Data records:
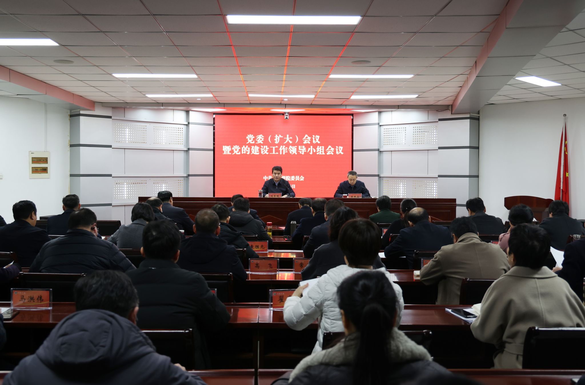 3月5日上午,我校在办公楼第三会议室召开党委(扩大)会议暨党的建设工作领导小组会议,专题部署学校开展树立和践行正确政绩观学习教育工作。校党委书记刘荣增主持会议并讲话。全体在校校领导、学校党的建设工作领导小组成员单位负责人及全体中层正职干部参加会议。
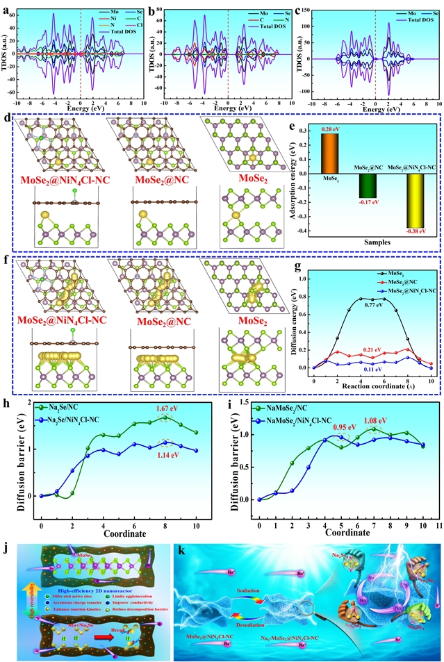 图6. 电化学性能的计算见解。(a) MoSe2@NiN4Cl-NC,(b) MoSe2@NC,和(c) MoSe2模型的计算态密度谱。(d) 每个吸附了一个Na+离子的系统的优化结构构型和(e) 计算的Na+吸附能。(f) 模拟的Na+扩散路径和(g) 所有三个系统的相应量化能垒。(h) Na3Se和(i) NaMoSe2在NC和NiN4Cl-NC基底上的计算分解能垒。(j) 二维NiN4Cl-NC纳米反应器促进MoSe2中可逆转化动力学的示意图。(k) MoSe2@NiN4Cl-NC结构通过催化限域抑制多硒化物迁移的图示。
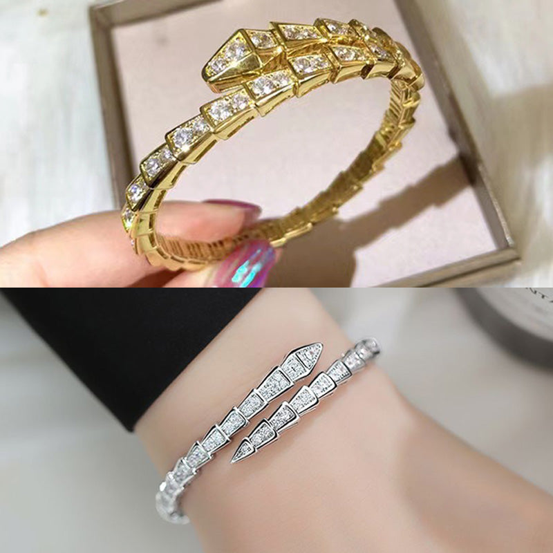 Exquisite Snake-shaped Full Diamond Bangle For Women
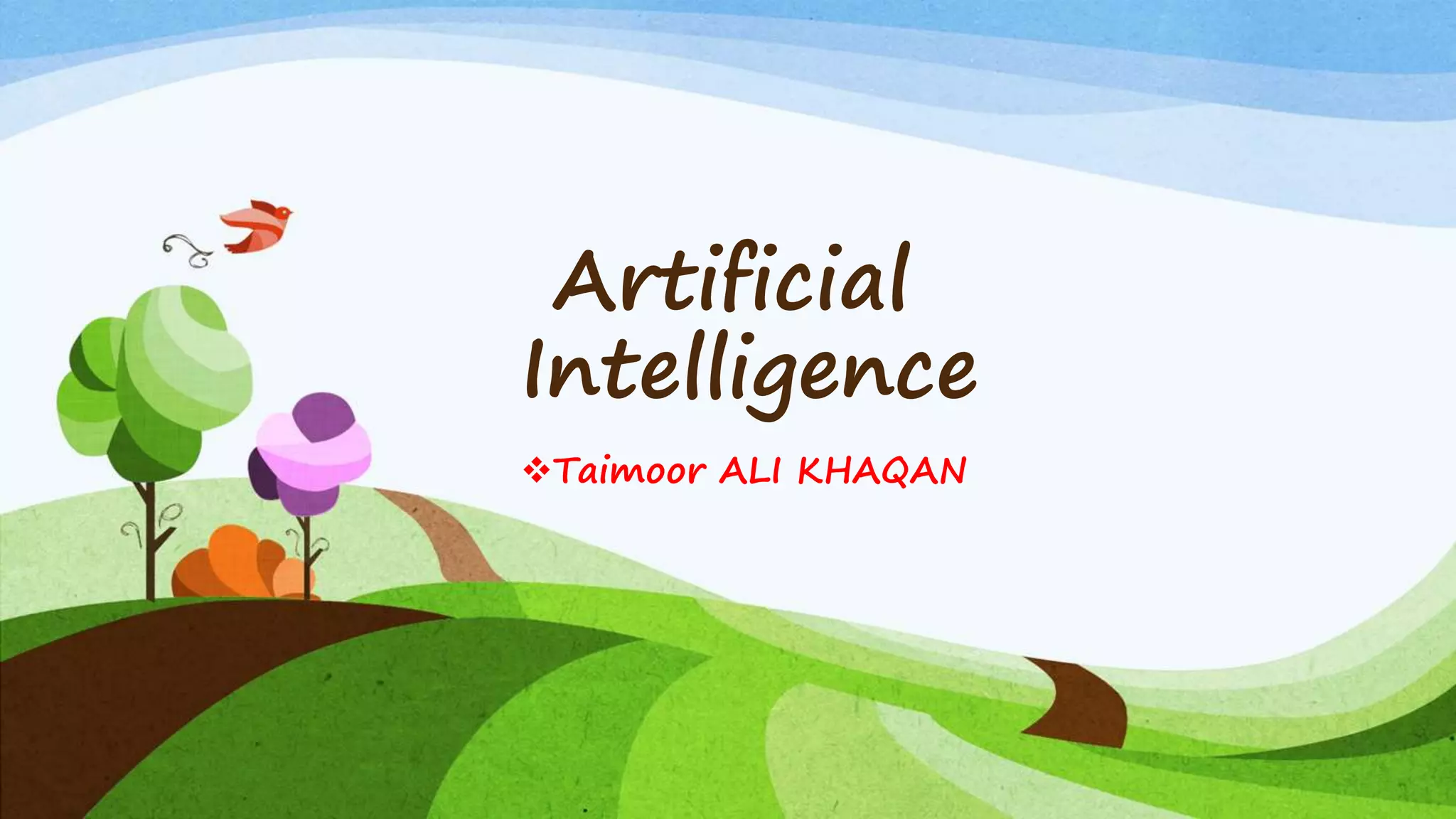Artificial intelligence is the science and engineering of creating intelligent machines that can perform tasks normally requiring human intelligence. The history of AI began in 1943 and has progressed through major developments in computational power and algorithms. Today, AI is applied in many areas including natural language processing, gaming, robotics, music, business, science, and the military. While AI has advantages like speed and ability to handle complex tasks, it also faces limitations and risks that researchers continue working to address.
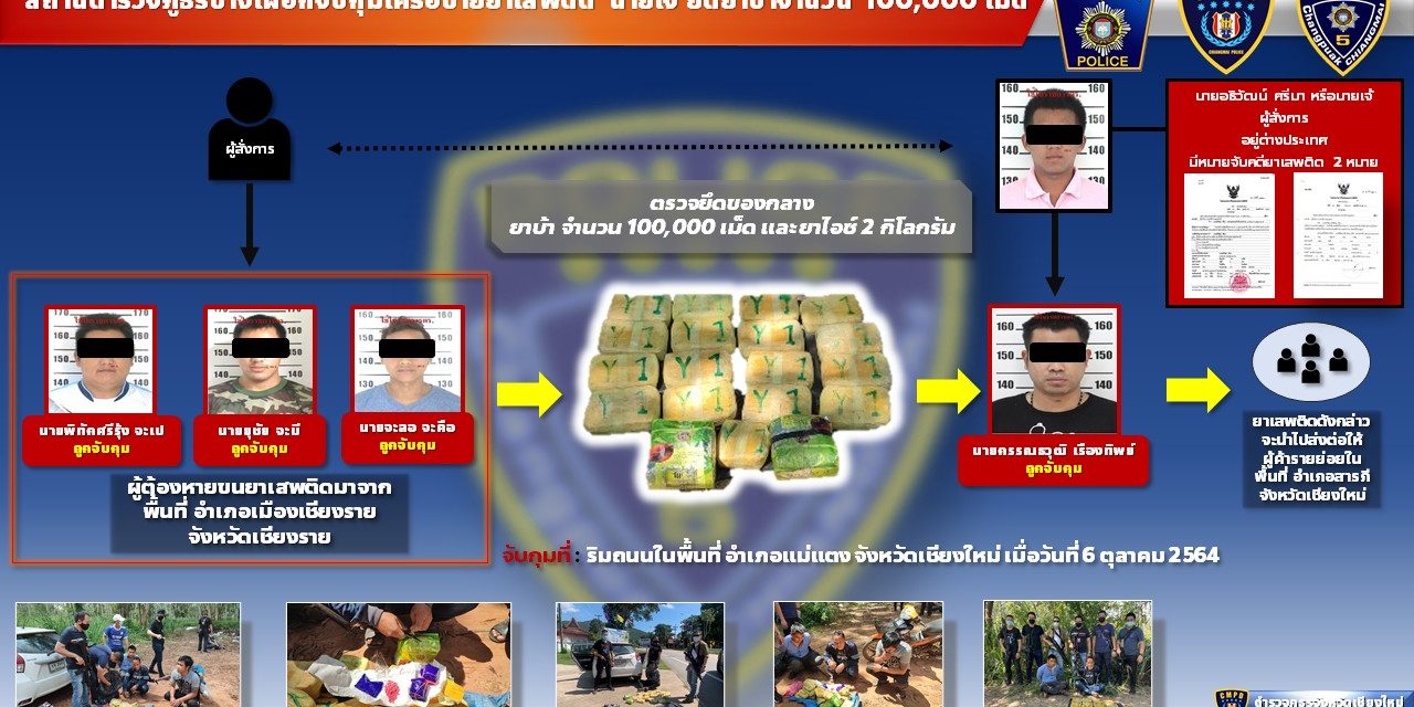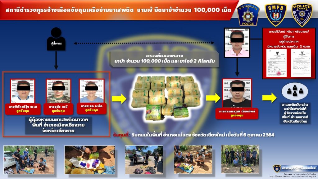 ได้จับกุมตัวผู้ต้องหาทั้งหมด 4 คน คือ นายกรรณธวุฒิ เรืองทิพย์ อายุ 30 ปี ที่อยู่ 249/1 ม.4 ต.สะลวง อ.แม่ริม จ.เชียงใหม่,นายยุชัย จะมี อายุ 30 ปี ที่อยู่ 224 ม.8 ต.ห้วยชมภู อ.เมือง จ.เชียงราย,นายจะลอ จะคือ อายุ 33 ปี ที่อยู่ 298 ม.8 ต.ห้วยชมภู อ.เมือง จ.เชียงราย และนายพิทักศรีรุ้ง จะแป อายุ 33 ปี ที่อยู่ 296 ม.8 ต.ห้วยชมภู อ.เมือง จ.เชียงราย พร้อมด้วยของกลาง ยาเสพติดให้โทษประเภท 1 (ยาบ้า) จำนวน รวมประมาณ 100,000 เม็ด,ยาเสพติดให้โทษประเภท 1 (ไอซ์) น้ำหนักประมาณ 2 กิโลกรัม,รถยนต์เก๋ง ยี่ห้อโตโยต้า รุ่นยาริส สีขาว ทะเบียน งจ 2940 เชียงใหม่ (พบซุกซ่อนอยู่ในช่องเก็บของด้านหลังรถยนต์เก๋งคันดังกล่าว),รถยนต์กระบะหัวเดี่ยว ยี่ห้อโตโยต้า รุ่นเรโว่ สีขาว ไม่ติดแผ่นป้ายทะเบียน และรถจักรยานยนต์ ยี่ห้อฮอนด้า รุ่นเวฟ 110 ไอ สีส้มดำ ไม่ติดแผ่นป้ายทะเบียน โดยกล่าวหาว่า มีความผิดฐาน “ร่วมกันมียาเสพติดให้โทษประเภท 1 (ไอซ์ และยาบ้า) ไว้ในครอบครองเพื่อจำหน่ายโดยผิดกฎหมาย”
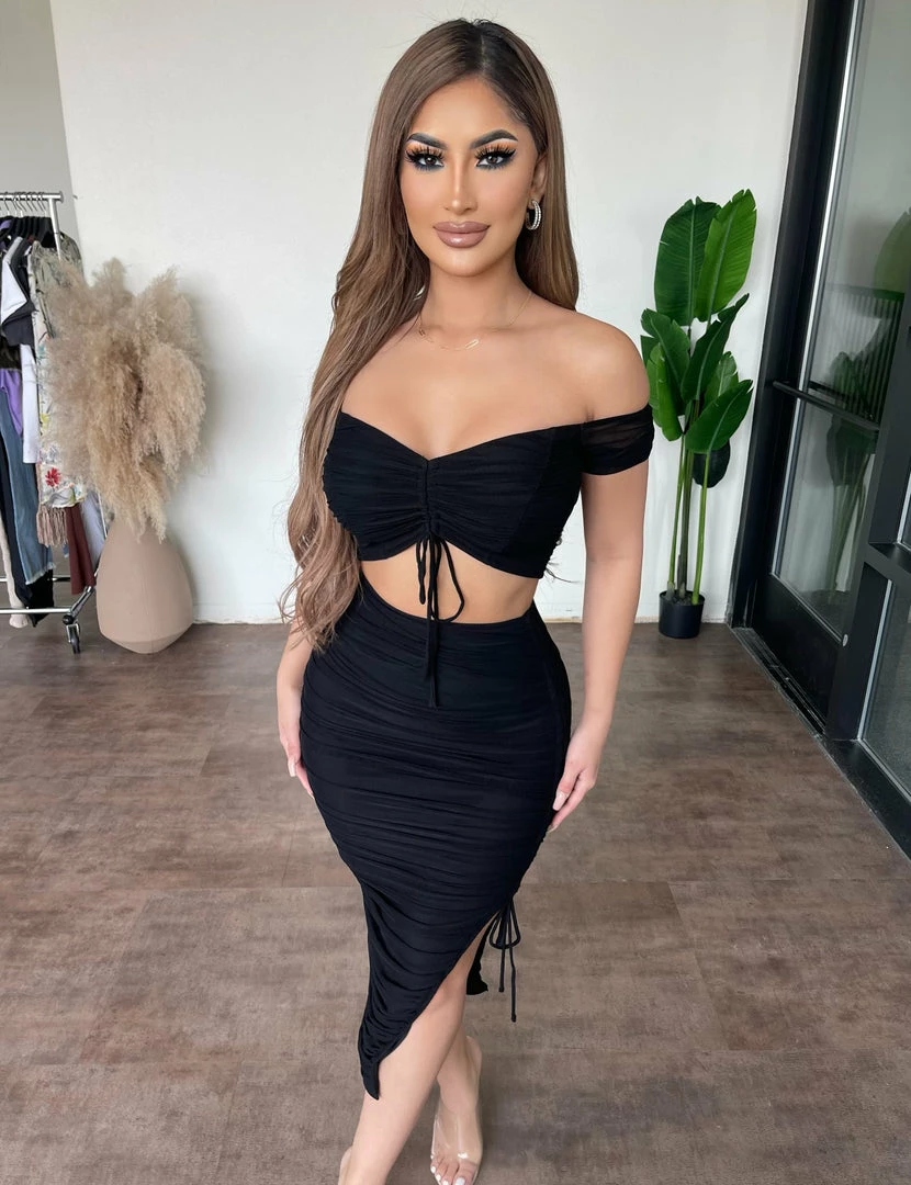 ~Set made from fitted material with off shoulder top and skirt for bottom, Set had adjustable scrunch detail on top and side of skirtÂ
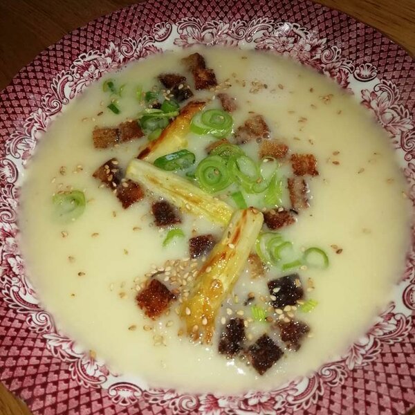 Suppe mit Brotcroutons, gebratenen Spargelspitzen, in feine Ringe geschnittenem Junglauch und gerösteten Sesamsamen servieren. Mahlzeit!
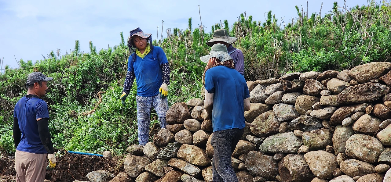 직윈이 빙그레 웃으며 아내가 본토에 갔다가 이번 배로 들어오는데 나에게 줄 선물이 있다고 조금만 기다리란다. 시간을 보니 배가 들어오려면 20분쯤 남아있다. 나는 잽싸게 돌담작업하는 곳으로 자전거를 달렸다. 작업장에 도착했는데 어느새 오늘 작업이 끝나 깨끗한 돌담이 세워져 있다.
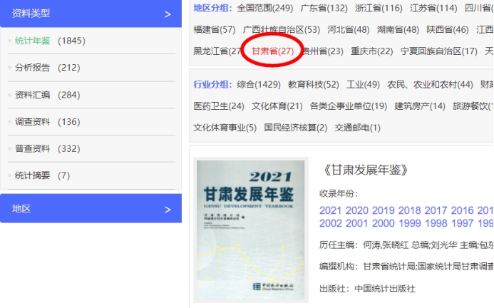 第四步:点击要查询的地区和行业分组,比如“甘肃省”;
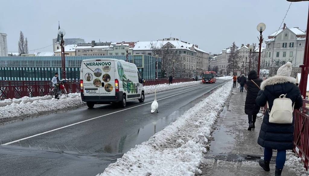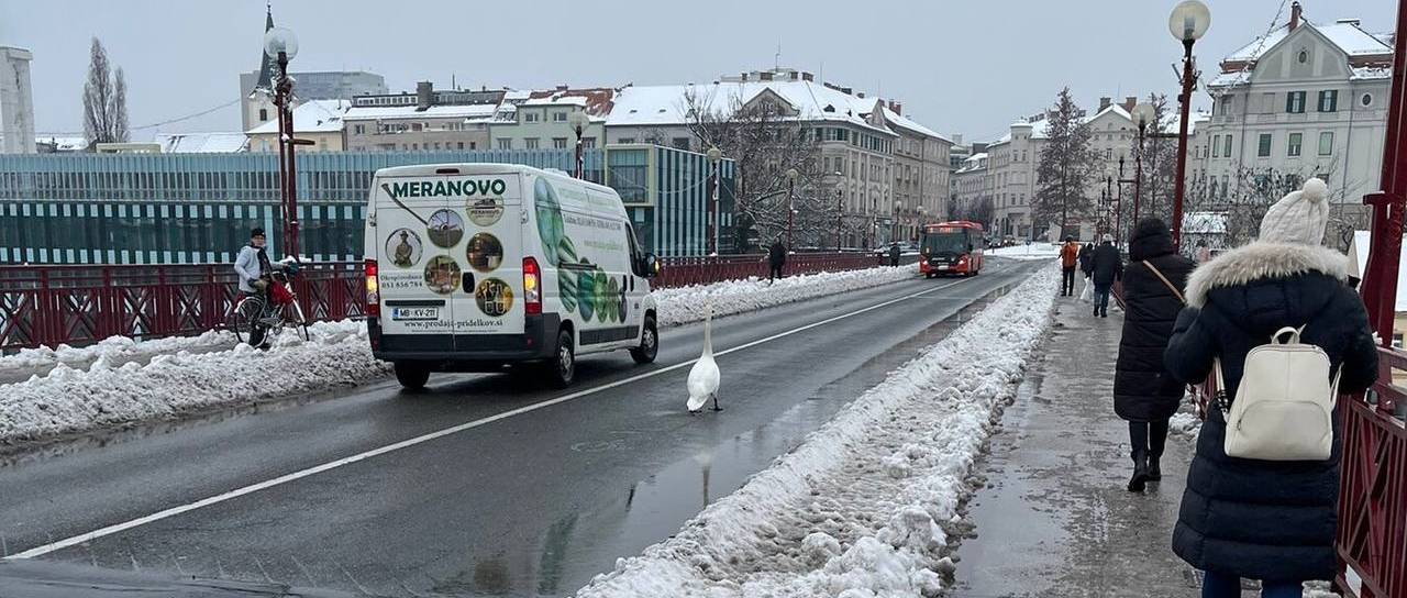 Kakšen šef! Labod z ležernim pohajkovanjem po cesti zaprl mariborski Stari most.

Work instructions:
Restate the records above in full, word for word. Keep pictures out.

Written reply:
 3月5日上午,我校在办公楼第三会议室召开党委(扩大)会议暨党的建设工作领导小组会议,专题部署学校开展树立和践行正确政绩观学习教育工作。校党委书记刘荣增主持会议并讲话。全体在校校领导、学校党的建设工作领导小组成员单位负责人及全体中层正职干部参加会议。
 图6. 电化学性能的计算见解。(a) MoSe2@NiN4Cl-NC,(b) MoSe2@NC,和(c) MoSe2模型的计算态密度谱。(d) 每个吸附了一个Na+离子的系统的优化结构构型和(e) 计算的Na+吸附能。(f) 模拟的Na+扩散路径和(g) 所有三个系统的相应量化能垒。(h) Na3Se和(i) NaMoSe2在NC和NiN4Cl-NC基底上的计算分解能垒。(j) 二维NiN4Cl-NC纳米反应器促进MoSe2中可逆转化动力学的示意图。(k) MoSe2@NiN4Cl-NC结构通过催化限域抑制多硒化物迁移的图示。
 Exquisite Snake-shaped Full Diamond Bangle For Women
Artificial intelligence is the science and engineering of creating intelligent machines that can perform tasks normally requiring human intelligence. The history of AI began in 1943 and has progressed through major developments in computational power and algorithms. Today, AI is applied in many areas including natural language processing, gaming, robotics, music, business, science, and the military. While AI has advantages like speed and ability to handle complex tasks, it also faces limitations and risks that researchers continue working to address.
 ได้จับกุมตัวผู้ต้องหาทั้งหมด 4 คน คือ นายกรรณธวุฒิ เรืองทิพย์ อายุ 30 ปี ที่อยู่ 249/1 ม.4 ต.สะลวง อ.แม่ริม จ.เชียงใหม่,นายยุชัย จะมี อายุ 30 ปี ที่อยู่ 224 ม.8 ต.ห้วยชมภู อ.เมือง จ.เชียงราย,นายจะลอ จะคือ อายุ 33 ปี ที่อยู่ 298 ม.8 ต.ห้วยชมภู อ.เมือง จ.เชียงราย และนายพิทักศรีรุ้ง จะแป อายุ 33 ปี ที่อยู่ 296 ม.8 ต.ห้วยชมภู อ.เมือง จ.เชียงราย พร้อมด้วยของกลาง ยาเสพติดให้โทษประเภท 1 (ยาบ้า) จำนวน รวมประมาณ 100,000 เม็ด,ยาเสพติดให้โทษประเภท 1 (ไอซ์) น้ำหนักประมาณ 2 กิโลกรัม,รถยนต์เก๋ง ยี่ห้อโตโยต้า รุ่นยาริส สีขาว ทะเบียน งจ 2940 เชียงใหม่ (พบซุกซ่อนอยู่ในช่องเก็บของด้านหลังรถยนต์เก๋งคันดังกล่าว),รถยนต์กระบะหัวเดี่ยว ยี่ห้อโตโยต้า รุ่นเรโว่ สีขาว ไม่ติดแผ่นป้ายทะเบียน และรถจักรยานยนต์ ยี่ห้อฮอนด้า รุ่นเวฟ 110 ไอ สีส้มดำ ไม่ติดแผ่นป้ายทะเบียน โดยกล่าวหาว่า มีความผิดฐาน “ร่วมกันมียาเสพติดให้โทษประเภท 1 (ไอซ์ และยาบ้า) ไว้ในครอบครองเพื่อจำหน่ายโดยผิดกฎหมาย”
 ~Set made from fitted material with off shoulder top and skirt for bottom, Set had adjustable scrunch detail on top and side of skirtÂ
 Suppe mit Brotcroutons, gebratenen Spargelspitzen, in feine Ringe geschnittenem Junglauch und gerösteten Sesamsamen servieren. Mahlzeit!
 직윈이 빙그레 웃으며 아내가 본토에 갔다가 이번 배로 들어오는데 나에게 줄 선물이 있다고 조금만 기다리란다. 시간을 보니 배가 들어오려면 20분쯤 남아있다. 나는 잽싸게 돌담작업하는 곳으로 자전거를 달렸다. 작업장에 도착했는데 어느새 오늘 작업이 끝나 깨끗한 돌담이 세워져 있다.
 第四步:点击要查询的地区和行业分组,比如“甘肃省”;
 Kakšen šef! Labod z ležernim pohajkovanjem po cesti zaprl mariborski Stari most.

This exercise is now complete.